— Your assignment —
Among the lines of the records below, copy those that hold the word "very".

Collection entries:
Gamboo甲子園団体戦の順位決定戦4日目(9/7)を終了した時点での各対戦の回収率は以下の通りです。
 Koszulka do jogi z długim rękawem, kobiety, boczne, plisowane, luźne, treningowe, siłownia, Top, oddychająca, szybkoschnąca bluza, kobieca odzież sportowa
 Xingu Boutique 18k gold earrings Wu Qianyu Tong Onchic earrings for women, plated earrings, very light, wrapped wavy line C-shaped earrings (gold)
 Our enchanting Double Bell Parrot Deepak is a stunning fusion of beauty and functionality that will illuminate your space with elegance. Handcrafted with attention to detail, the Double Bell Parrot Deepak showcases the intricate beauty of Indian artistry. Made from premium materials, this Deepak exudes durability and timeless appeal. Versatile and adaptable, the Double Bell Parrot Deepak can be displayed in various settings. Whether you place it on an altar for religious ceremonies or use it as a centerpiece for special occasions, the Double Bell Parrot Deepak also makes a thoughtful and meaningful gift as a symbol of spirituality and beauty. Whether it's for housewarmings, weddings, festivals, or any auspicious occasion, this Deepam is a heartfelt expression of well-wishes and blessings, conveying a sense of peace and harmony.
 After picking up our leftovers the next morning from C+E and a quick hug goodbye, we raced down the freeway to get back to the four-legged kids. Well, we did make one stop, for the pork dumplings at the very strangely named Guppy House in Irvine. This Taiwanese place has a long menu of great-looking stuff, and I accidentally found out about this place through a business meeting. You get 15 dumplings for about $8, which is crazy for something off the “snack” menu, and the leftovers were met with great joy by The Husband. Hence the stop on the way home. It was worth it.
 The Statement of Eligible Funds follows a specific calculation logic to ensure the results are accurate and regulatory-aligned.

==

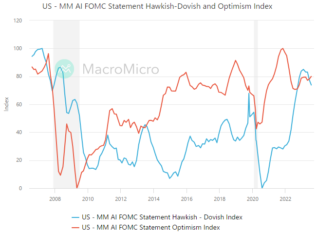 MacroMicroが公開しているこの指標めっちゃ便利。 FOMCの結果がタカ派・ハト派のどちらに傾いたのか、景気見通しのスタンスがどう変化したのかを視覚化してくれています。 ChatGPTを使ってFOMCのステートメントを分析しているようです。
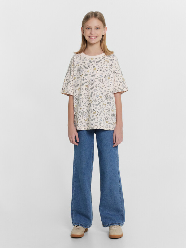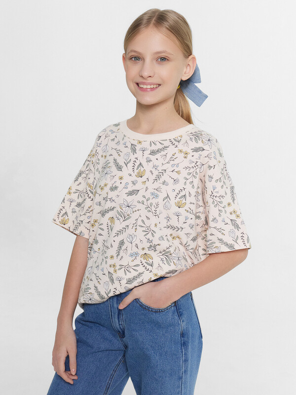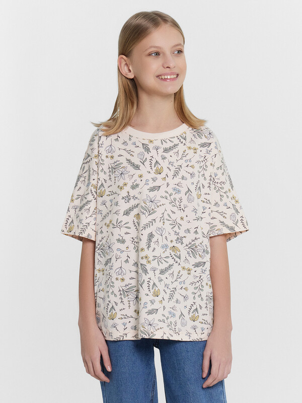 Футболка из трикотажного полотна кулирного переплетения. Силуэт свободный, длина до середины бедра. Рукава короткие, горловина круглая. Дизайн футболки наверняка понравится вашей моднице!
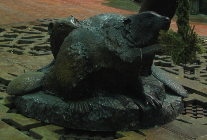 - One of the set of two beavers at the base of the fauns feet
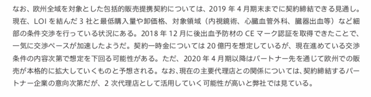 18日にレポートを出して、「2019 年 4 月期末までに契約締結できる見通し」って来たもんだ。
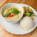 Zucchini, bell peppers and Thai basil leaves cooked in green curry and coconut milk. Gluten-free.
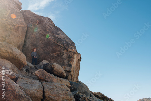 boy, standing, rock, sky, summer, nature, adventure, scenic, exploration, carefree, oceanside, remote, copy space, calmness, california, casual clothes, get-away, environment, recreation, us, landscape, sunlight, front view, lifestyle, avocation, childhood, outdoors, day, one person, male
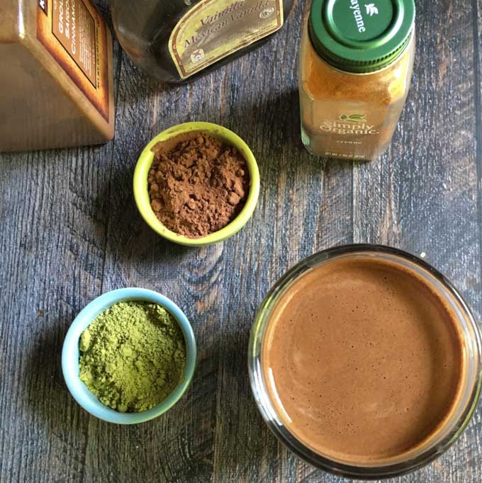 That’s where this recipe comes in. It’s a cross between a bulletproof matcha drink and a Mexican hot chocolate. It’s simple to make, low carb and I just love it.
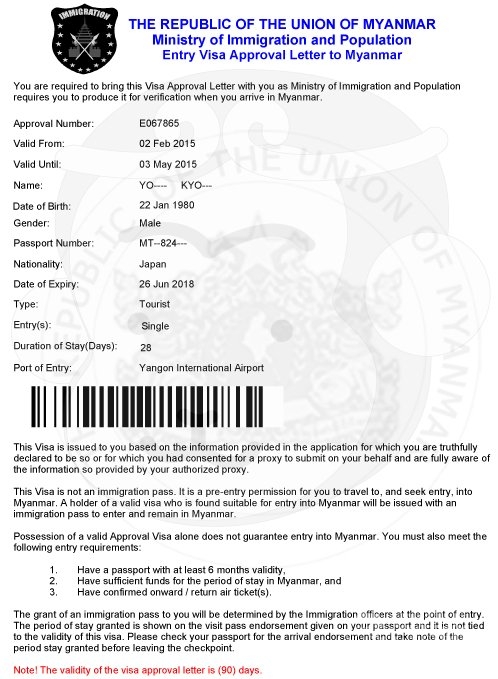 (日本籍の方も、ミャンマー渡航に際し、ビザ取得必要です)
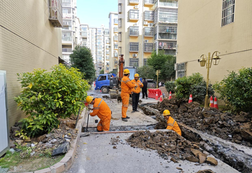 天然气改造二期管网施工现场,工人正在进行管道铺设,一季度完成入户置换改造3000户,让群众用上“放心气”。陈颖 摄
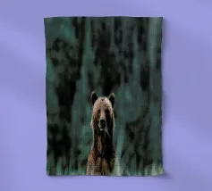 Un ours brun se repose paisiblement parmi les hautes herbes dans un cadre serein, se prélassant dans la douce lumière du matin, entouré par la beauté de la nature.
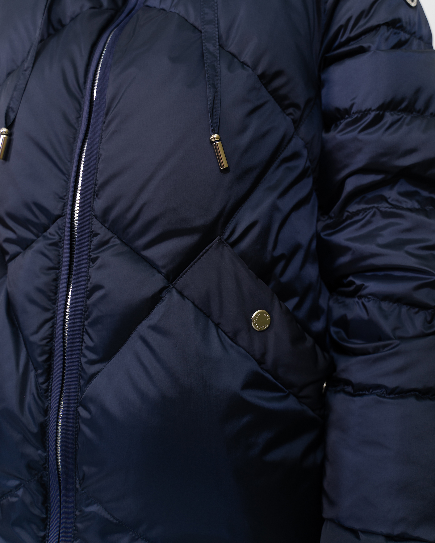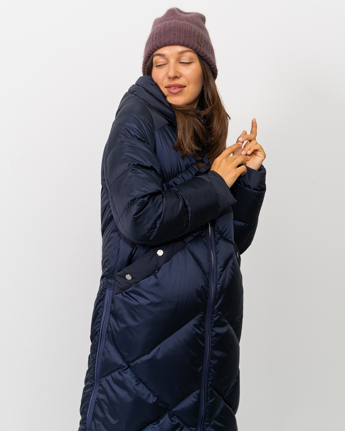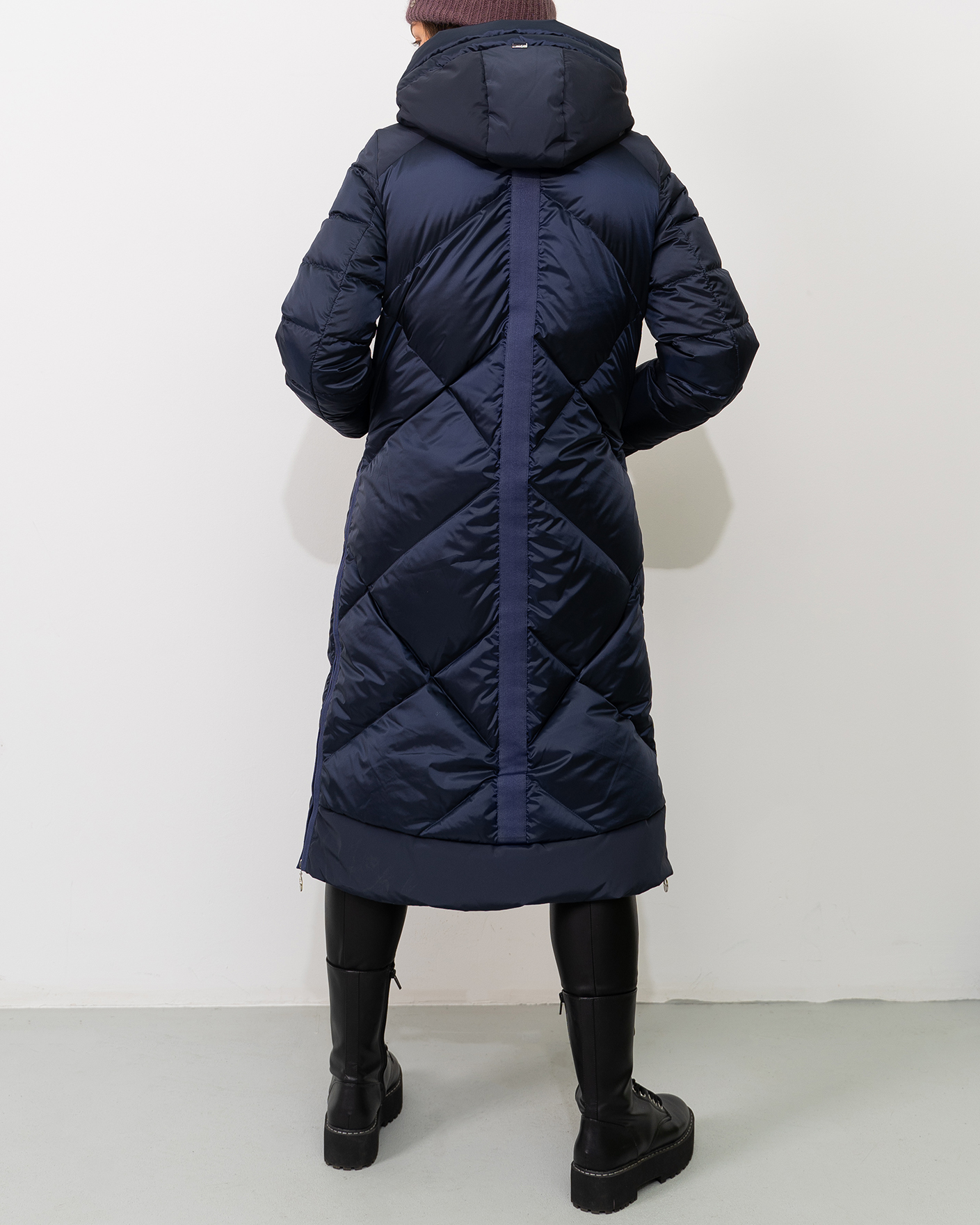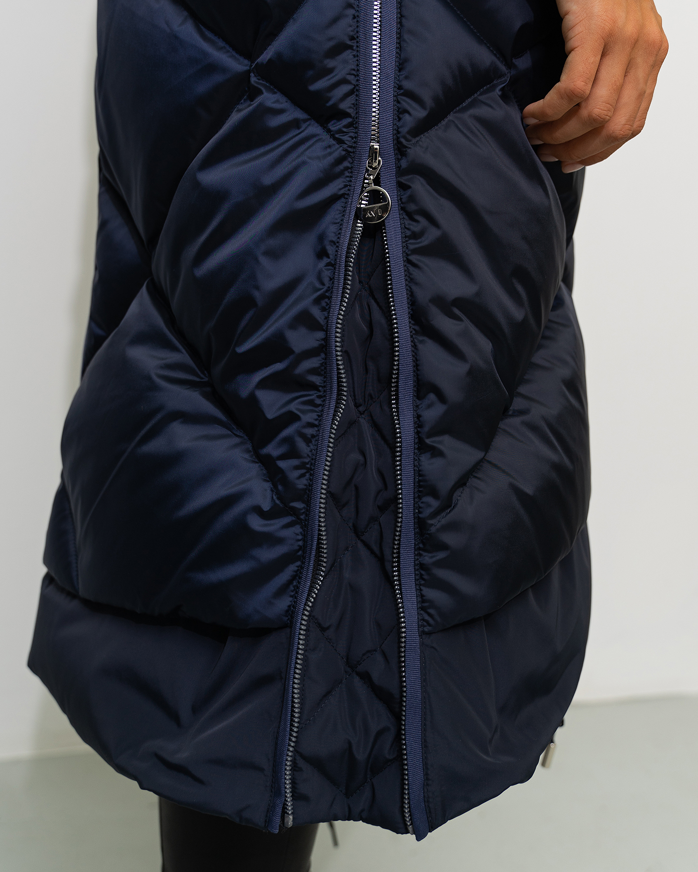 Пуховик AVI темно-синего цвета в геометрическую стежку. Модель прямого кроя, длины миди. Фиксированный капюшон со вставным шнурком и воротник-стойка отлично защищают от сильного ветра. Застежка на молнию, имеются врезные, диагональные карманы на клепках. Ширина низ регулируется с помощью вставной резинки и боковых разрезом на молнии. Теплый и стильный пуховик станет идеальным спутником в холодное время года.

— Result of this task —
 Xingu Boutique 18k gold earrings Wu Qianyu Tong Onchic earrings for women, plated earrings, very light, wrapped wavy line C-shaped earrings (gold)
 After picking up our leftovers the next morning from C+E and a quick hug goodbye, we raced down the freeway to get back to the four-legged kids. Well, we did make one stop, for the pork dumplings at the very strangely named Guppy House in Irvine. This Taiwanese place has a long menu of great-looking stuff, and I accidentally found out about this place through a business meeting. You get 15 dumplings for about $8, which is crazy for something off the “snack” menu, and the leftovers were met with great joy by The Husband. Hence the stop on the way home. It was worth it.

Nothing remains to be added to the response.